GE Research’s Robotics and Autonomy team has developed an innovative, autonomous soft robot design adapted from its famed autonomous giant earthworm tunneling robot developed as part of the Defense Advanced Research Agency’s (DARPA) Underminer Program.
Dubbed Pipe-worm (Programmable Worm for Irregular Pipeline Exploration), this updated autonomous soft robot design has cockroach-like whiskers and powerful fluid-powered muscles to give it extreme flexibility and perception capabilities.

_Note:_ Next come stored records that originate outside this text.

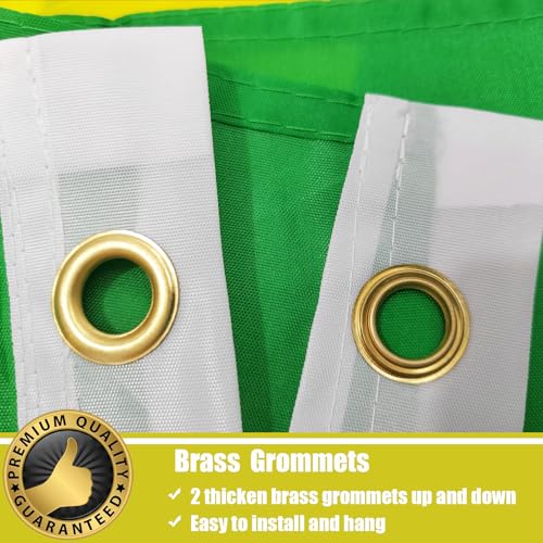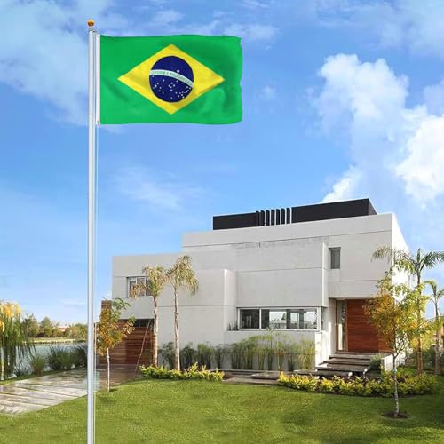 FLGCLUB - علم البرازيل من اف ال جي كلوب 3 × 5 قدم للاستخدام الخارجي، اعلام البرازيل مقاومة للبهتان بالوان نابضة بالحياة من البوليستر بخياطة مزدوجة، راس من القماش وعلم البرازيل الوطني البرازيلي وحلقات نحاسية
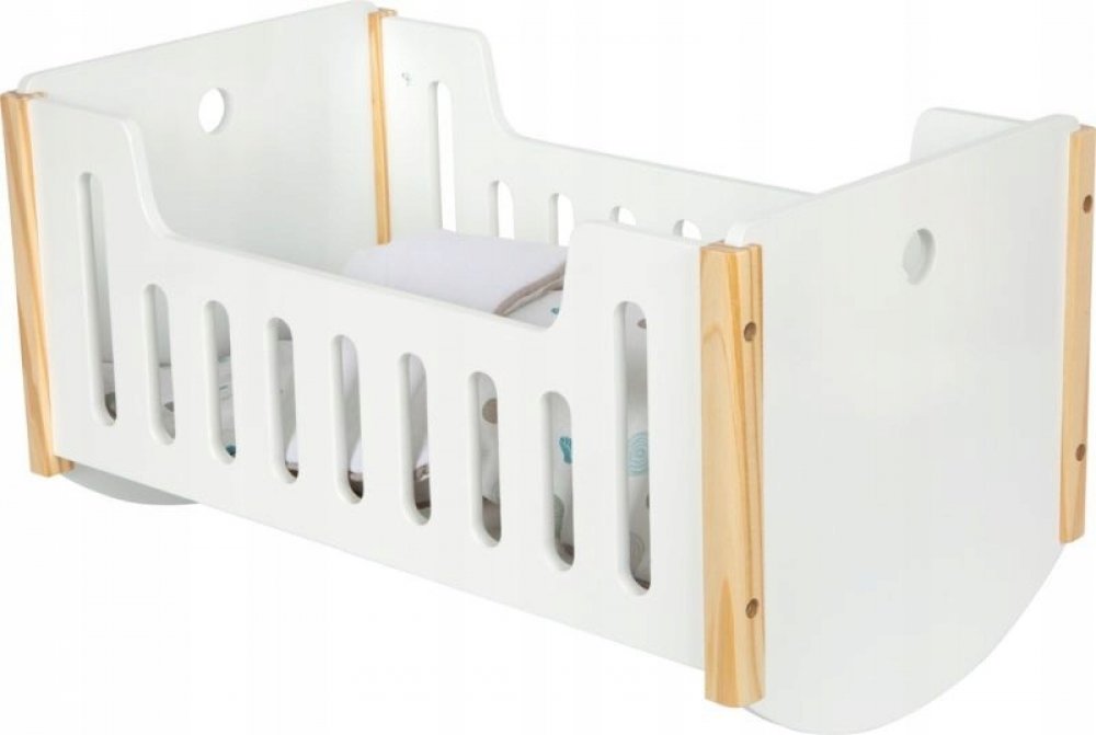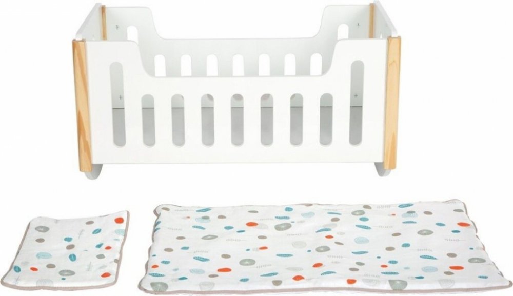 Tato moderní dřevěná kolébka ve skandinávském designu je ideální postýlkou s možností jemného houpání panenek či plyšových zvířátek. Součástí balení je polštář a velká peřinka, které jsou povlečené do barevně neutrálního oboustranného povlečení. Navíc je peřinka dostatečně velká, aby pod ní pohodlně mohly spát panenky nebo plyšáci do velikosti 46 cm. Vysoce kvalitní, stabilní konstrukce, zaoblené ...
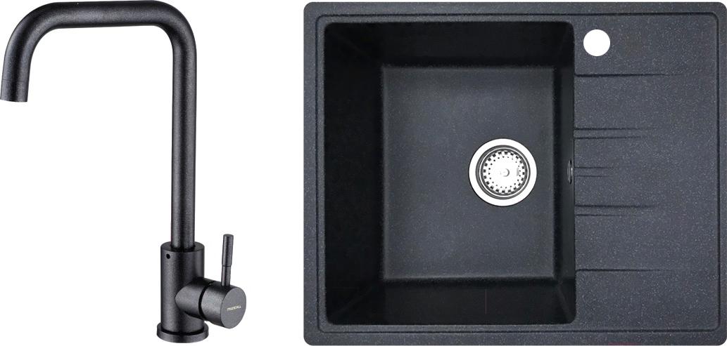 Мойка кухонная БелЭворс Mila L + смеситель W4998-4-25 (оникс черный)
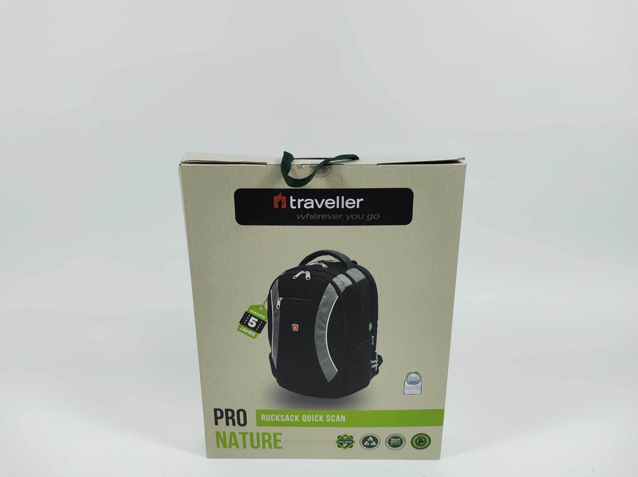 Traveller Rugzak PROnature - 48cm - Zwart. De Traveller PROnature Quick Scan rugzak is een functionele zwarte reisrugzak voor werk, school en onderweg. Het hoofdvak bevat een laptopvak tot 17 inch dat 180 graden opent, ideaal voor snelle controles op reis
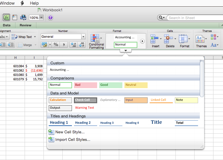 I applied that "custom" number format to the numbers then selected it, and clicked over to the format area, next to the numbers area. Towards the bottom there's the little down triangle, then I clicked on new cell style. Since I had the cell I had done "custom" to already selected, all of the info was accurate, so I just named it what I wanted (Accounting) and saved it. Now I just click on accounting in the format section instead of the accounting in the numbers section.

The team recently demonstrated the Pipe-worm robot at its research campus in Niskayuna. The demonstration showed the robot’s potential for military applications envisioned through the Underminer program. The robot is also ideal for autonomous monitoring, inspection, repair, and even mapping of oil and gas pipelines or underground municipal water and sewer systems.

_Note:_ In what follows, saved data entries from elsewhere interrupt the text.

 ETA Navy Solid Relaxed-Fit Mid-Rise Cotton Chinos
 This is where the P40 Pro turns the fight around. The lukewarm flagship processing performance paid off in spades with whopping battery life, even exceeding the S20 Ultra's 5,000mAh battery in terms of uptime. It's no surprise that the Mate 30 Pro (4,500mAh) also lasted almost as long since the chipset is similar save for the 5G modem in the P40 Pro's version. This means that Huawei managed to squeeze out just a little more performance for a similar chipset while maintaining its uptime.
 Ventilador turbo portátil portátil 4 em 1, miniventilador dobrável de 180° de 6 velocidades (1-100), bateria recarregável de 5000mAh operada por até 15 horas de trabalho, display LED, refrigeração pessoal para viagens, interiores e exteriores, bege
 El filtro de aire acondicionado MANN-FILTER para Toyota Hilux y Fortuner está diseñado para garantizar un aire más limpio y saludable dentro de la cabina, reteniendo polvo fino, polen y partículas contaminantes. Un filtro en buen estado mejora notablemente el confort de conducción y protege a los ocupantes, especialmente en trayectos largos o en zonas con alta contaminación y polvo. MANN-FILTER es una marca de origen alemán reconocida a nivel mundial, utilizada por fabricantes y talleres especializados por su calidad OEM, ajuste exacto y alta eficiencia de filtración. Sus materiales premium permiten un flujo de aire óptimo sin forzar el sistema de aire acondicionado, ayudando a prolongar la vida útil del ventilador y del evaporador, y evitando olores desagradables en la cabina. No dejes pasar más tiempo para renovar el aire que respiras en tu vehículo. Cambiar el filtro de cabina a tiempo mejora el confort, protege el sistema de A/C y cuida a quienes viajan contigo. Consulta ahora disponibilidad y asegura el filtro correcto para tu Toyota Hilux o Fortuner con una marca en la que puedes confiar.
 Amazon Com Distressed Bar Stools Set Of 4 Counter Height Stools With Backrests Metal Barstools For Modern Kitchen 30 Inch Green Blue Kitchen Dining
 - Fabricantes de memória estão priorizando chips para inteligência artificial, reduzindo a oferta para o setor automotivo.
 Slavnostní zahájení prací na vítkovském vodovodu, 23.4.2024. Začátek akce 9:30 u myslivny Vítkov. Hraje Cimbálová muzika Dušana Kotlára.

During the demonstration, the Pipe-worm successfully traveled over 100 meters of pipe while navigating many turns, diameter, and altitude changes. It even moved through pipes without disrupting normal operations and even against fast-flowing liquid. The robot’s powerful artificial muscles make it suitable for heavy-duty jobs such as the cleaning of solid waste deposits, called “fatbergs.” The giant clumps of solid waste are plaguing municipal water and sewer systems in US and around the world. Many innovative technologies are being brought to bear to deal with the problem.
“This AI-enabled autonomous robot has the ability to inspect and potentially repair pipelines all on its own, breaking up the formation of solid waste masses like fatbergs that are an ongoing issue with many of our nation’s sewer systems,” said Deepak Trivedi, a soft robotics expert at GE Research who led the development of Pipe-Worm. “We’ve added cockroach-like whiskers to its body that gives it greatly enhanced levels of perception to make sharp turns or negotiate its way through dark, unknown portions of a pipeline network.”

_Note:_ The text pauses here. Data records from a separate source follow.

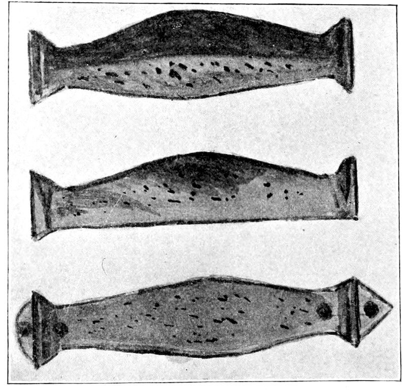 Regarding the ornamental rings such as are shown in Fig. 385 from Kentucky, these were finger-rings. Sometimes large ones are worn as bracelets, but most bracelets were made of copper or shell.
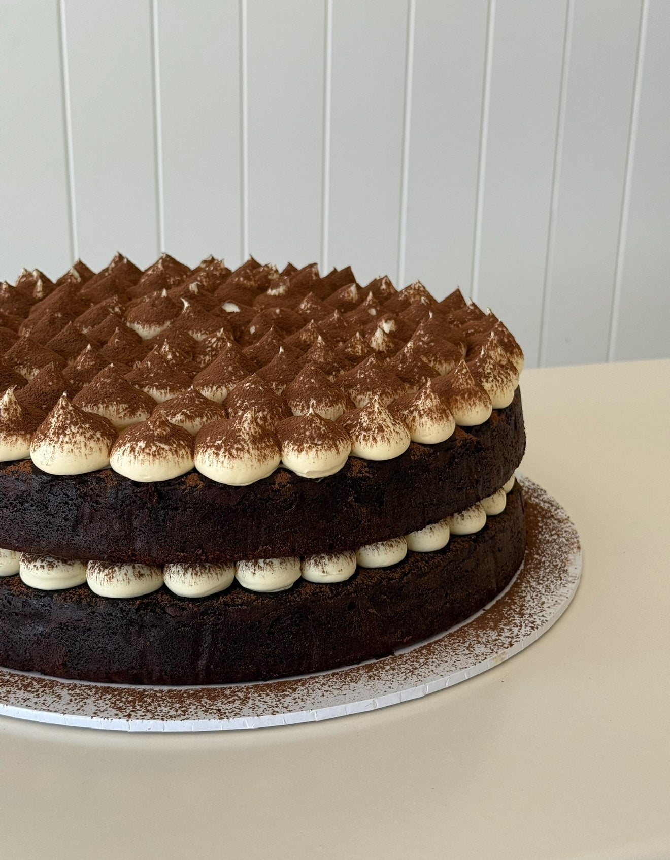 A luscious chocolate cake base soaked in our secret house-made espresso mix, layered with creamy mascarpone, and topped with a cheeky sprinkle of cocoa. It’s a fun twist on a classic that’s sure to be your new favourite
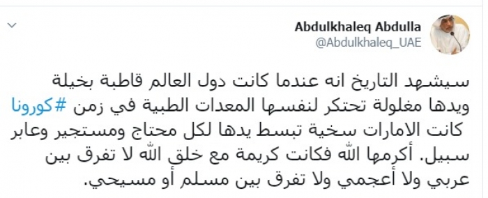 وكتب عبد الله عبر تغريدة له على "تويتر" رصدها " المشهد العربي":"سيشهد التاريخ انه عندما كانت دول العالم قاطبة بخيلة ويدها مغلولة تحتكر لنفسها المعدات الطبية في زمن كورونا كانت الإمارات سخية تبسط يدها لكل محتاج ومستجير وعابر سبيل".

The combination of artificial intelligence and cockroach-like whiskers enables GE’s Pipe-Worm to automatically identify turns, elbows, junctions, pipe diameter, pipe orientation, and other pipeline characteristics in great detail. Using this information, the robot can then create a map of a given pipeline network in real-time.
The GE team is now exploring other autonomous inspection and repair applications like jet engines and power turbines in the aviation and power sectors. Also, the Pipe-worm robot could be used to inspect conduits for underground fiber-optic cables that connect billions of people and machines to the Internet online.